What would I have to eat to get this quantity of omega vitamins?

I recently began taking a multivitamin that has the following stuff in one serving. You have to take three pills throughout the day to get a serving, but supposing its all at once:

Alpha-Linolenic Acid (ALA) - 890mg
:* Elcosapantaenoic Acid (EPA) - 340 mg
:* Docosahexenoic Aicd (DHA) - 225 mg

  • Omega 9
    :* Oleic Aicd (OA) - 500 mg
  • Omega 6
    :* Linoleic Acid (LA) - 284 mg
    :* Gamma-Linolenic Acid (GLA) - 200mg

There is nothing on the bottle or the website that gives you any indication of what this means. It’s basically buyer beware. I think I can say for sure that I usually do not have as much oil in my food as these capsules contain. So what kind of a diet would a person who got all these oils every day follow, and does anyone naturally follow such a diet? Do you get all these oils by following the basic food pyramid?

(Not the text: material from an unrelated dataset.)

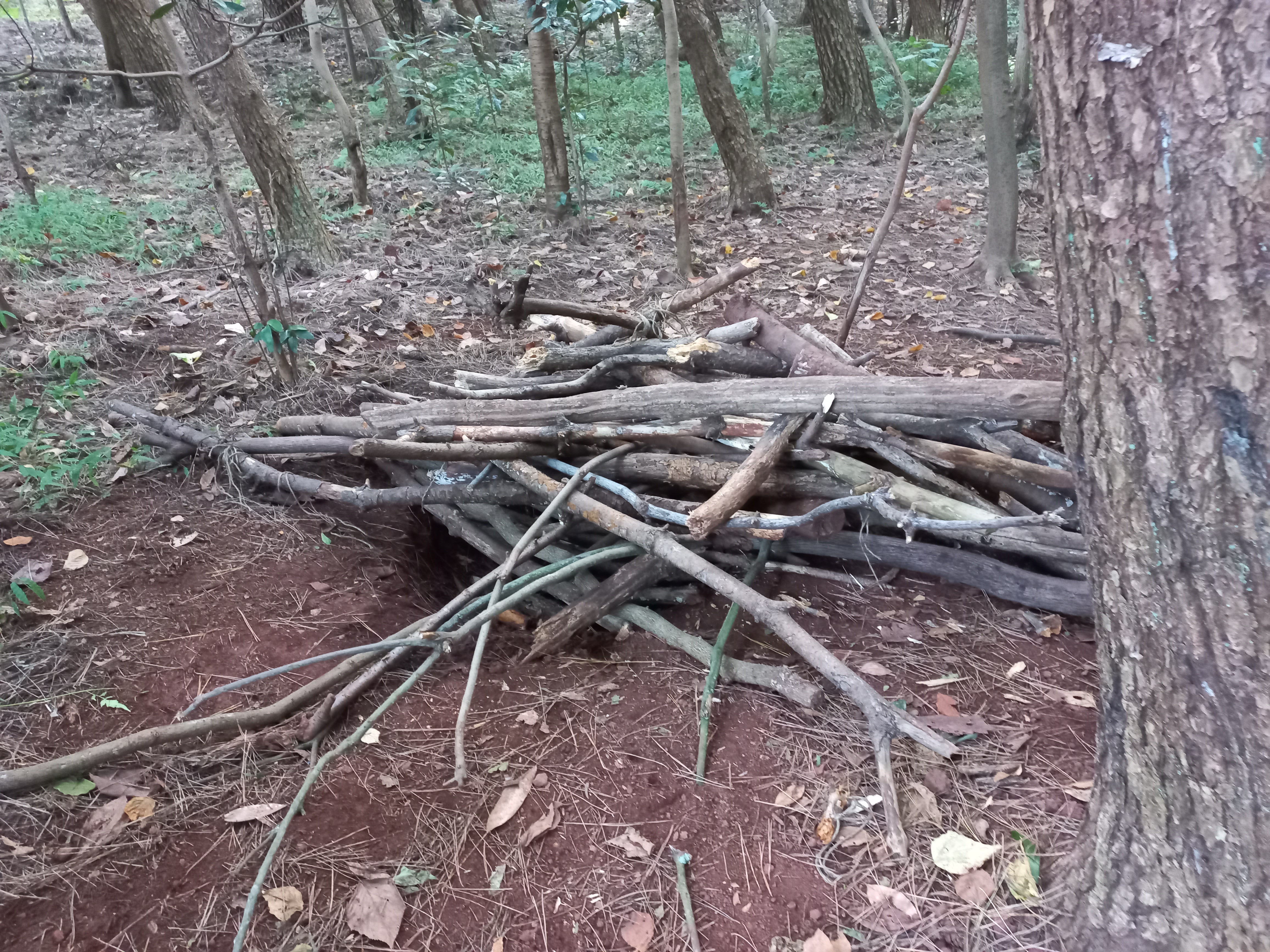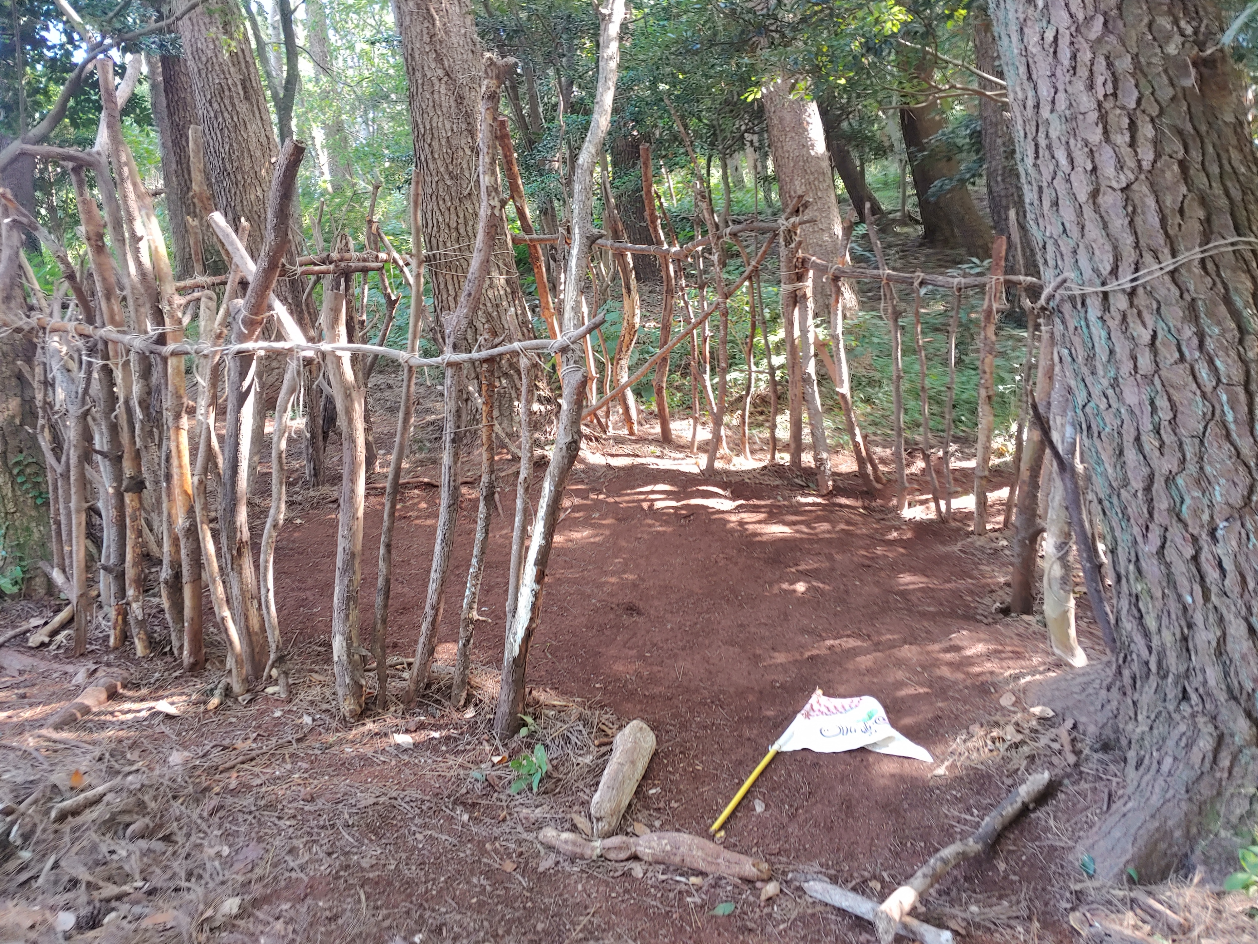 나무를 엮어 묶는다.

Perhaps you should reverse your thinking. Seek out an objective and independent source (or more) as to a nutritionally competent and medically sound recommendation of vitamins and daily dosages, and not a commercial product’s opinion.

After all, there is that disclaimer on the site … "The information on this site is for information purposes only and is not intended as a substitute for advice from a physician or other health care professional or any information contained in product labeling. You should consult a healthcare professional before starting any diet, supplement or exercise program, before taking any medication, or if you have or suspect you might have a health problem. "
Maybe start from Quackwatch —> Where To Get Professional Nutrition Advice

Well, let’s see. Eicosapantaenoic (not Elcosapantaenoic) acid is found in salmon. Docosahexaenoic acid is synthesized in the body from eicosapantaenoic acid. That much oleic acid could be found in maybe half a teaspoon of olive oil. Linoleic acid, α-linolenic, and γ-linolenic acids are in most vegetable oils, probably less than a tablespoon for those amounts, all told.

2.5 g of fat is really not that much. I think a decent number of people get all this in their diet, easy.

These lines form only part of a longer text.